The vector sum arithmetic unit 37 calculates the vector sum of the product of the base feature vector f_θ(x) and the merged weight vector ω_preand the product of the novel feature vector g(a_θ(x)) and the merged weight vector ω_meta, outputs the vector sum as a task-adaptive representation TAR of each support sample x of the support set S, and provides the task-adaptive representation TAR to a TconNet 38 and a projection space construction unit 40. The task-adaptive representation TAR is a merged feature vector consisting of a merged product of the base feature vector and the novel feature vector.

The calculation formula for the task-adaptive representation TAR is as follows, where the product of each component of a vector is expressed as x.

$TAR = ω_{p r e} \times f_{θ} (x) + ω_{m e t a} \times g (a_{θ} (x))$

The calculation formula for the task adaptive representation TAR is to find the sum of element-by-element products between the merged weight vector and the feature vector. The task adaptive representation TAR is calculated for each support sample in the support set S.

The TconNet 38 receives the input of a classification weight vector set W=[W_base, W_novel], and outputs a task-adjusted classification weight vector set W* using the task adaptive representation TAR of each support sample.

The projection space construction unit 40 constructs a task-adaptive projection space M such that the average {C_k} for each class k of the task-adaptive representation TAR of each support sample and W* obtained after task adjustment align in the projection space M.

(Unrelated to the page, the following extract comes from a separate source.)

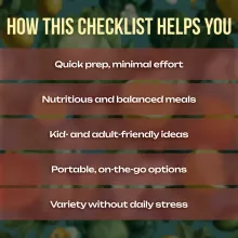Make lunchtime simple, creative, and fun. Download the Creative and Easy Lunchbox Ideas for Every Day checklist today and start enjoying stress-free, healthy meals all week long. Your lunchbox routine just got a whole lot easier!

FIG. 3 is a diagram explaining a configuration for calculating a task-adaptive representation TAR from a query set Q and classifying a query sample into a class based on the task-adaptive representation TAR and a task-adjusted classification weight vector set W* so as to minimize class classification loss.

The vector product arithmetic unit 25 calculates the product for each element between the base feature vector f_θ(x) output from the backbone CNN 22 and the merged weight vector ω_preoutput from the MergeNet 36 for each query sample x of the query set Q, and outputs the product to the vector sum arithmetic unit 37.

The vector product arithmetic unit 35 calculates the product for each element between the novel feature vector g(a_θ(x)) output from the MetaCNN 32 and the merged weight vector ω_metaoutput from the MergeNet 36 for the intermediate layer output a_e(x) of the backbone CNN 22 for each query sample x of the query set Q, and outputs the product to the vector sum arithmetic unit 37.

The vector sum arithmetic unit 37 calculates the vector sum of the product of the base feature vector f_θ(x) and the merged weight vector ω_preand the product of the novel feature vector g(a_θ(x)) and the merged weight vector ω_meta, outputs the vector sum as a task-adaptive representation TAR of each query sample x of the query set Q, and provides the task-adaptive representation TAR to a projection space query classification unit 42.

The task-adjusted classification weight vector set W* output by the TconNet 38 is input to the projection space query classification unit 42.

The projection space query classification unit 42 calculates the Euclidean distance between the position of the task-adaptive representation TAR calculated for each query sample of the query set Q and the position of the average feature vector of a classification target class in the projection space M, and classifies the query sample into the closest class. It should be noted here that by the operation of the projection space construction unit 40, the average position of the classification target class in the projection space M aligns with the task-adjusted classification weight vector set W*.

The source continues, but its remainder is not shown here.